*Dataset excerpts*.
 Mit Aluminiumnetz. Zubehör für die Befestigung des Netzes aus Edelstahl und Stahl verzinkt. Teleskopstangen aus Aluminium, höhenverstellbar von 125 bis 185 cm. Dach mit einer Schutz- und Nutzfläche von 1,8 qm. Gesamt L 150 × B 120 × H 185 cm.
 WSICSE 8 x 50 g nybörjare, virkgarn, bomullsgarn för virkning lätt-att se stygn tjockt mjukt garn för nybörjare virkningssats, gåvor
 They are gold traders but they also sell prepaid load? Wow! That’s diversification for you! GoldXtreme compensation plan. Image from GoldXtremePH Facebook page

...

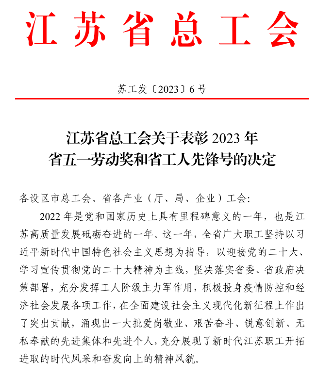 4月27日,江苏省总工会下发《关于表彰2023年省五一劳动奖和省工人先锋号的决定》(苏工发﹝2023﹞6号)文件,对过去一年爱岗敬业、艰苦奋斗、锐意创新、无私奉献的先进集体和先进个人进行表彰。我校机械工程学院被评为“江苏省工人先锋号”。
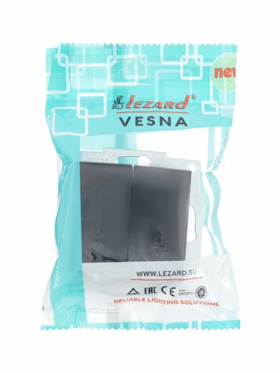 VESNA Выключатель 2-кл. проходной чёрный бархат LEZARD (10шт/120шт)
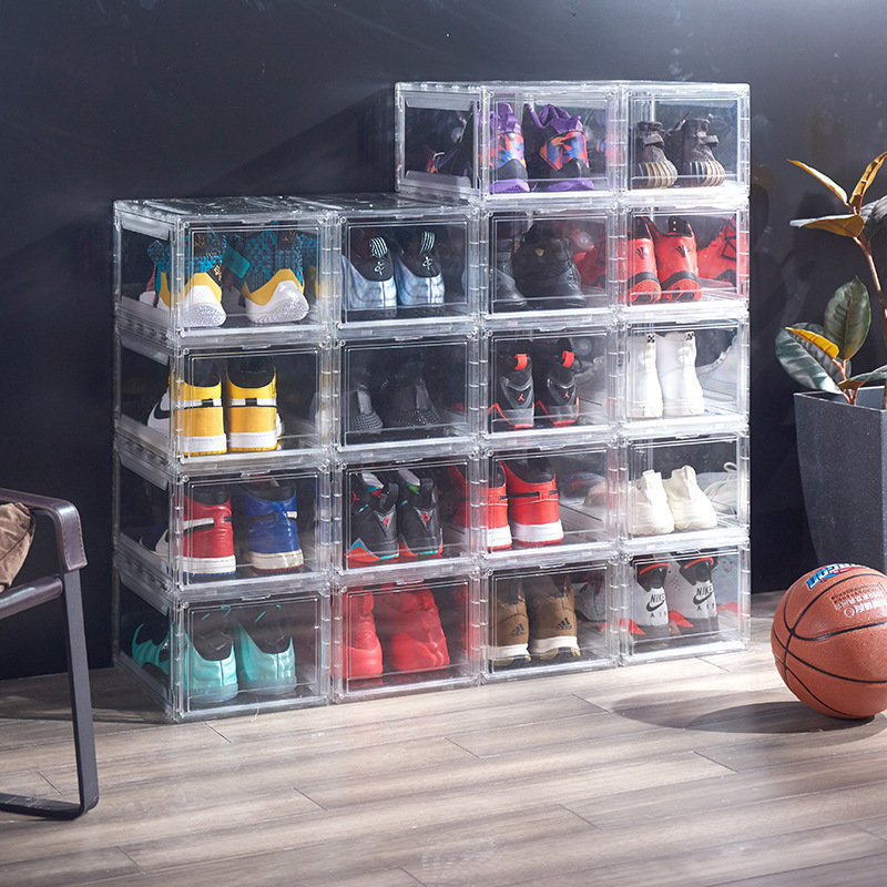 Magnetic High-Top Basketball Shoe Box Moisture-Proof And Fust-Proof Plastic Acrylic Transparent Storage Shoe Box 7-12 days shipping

*Your goal*. Print, word for word, the lines above that run from the line containing "4月27日,江苏省总工会下发" to the line containing "Magnetic High-Top Basketball", both included. Keep the pictures out.

*Answer space*.
 4月27日,江苏省总工会下发《关于表彰2023年省五一劳动奖和省工人先锋号的决定》(苏工发﹝2023﹞6号)文件,对过去一年爱岗敬业、艰苦奋斗、锐意创新、无私奉献的先进集体和先进个人进行表彰。我校机械工程学院被评为“江苏省工人先锋号”。
 VESNA Выключатель 2-кл. проходной чёрный бархат LEZARD (10шт/120шт)
 Magnetic High-Top Basketball Shoe Box Moisture-Proof And Fust-Proof Plastic Acrylic Transparent Storage Shoe Box 7-12 days shipping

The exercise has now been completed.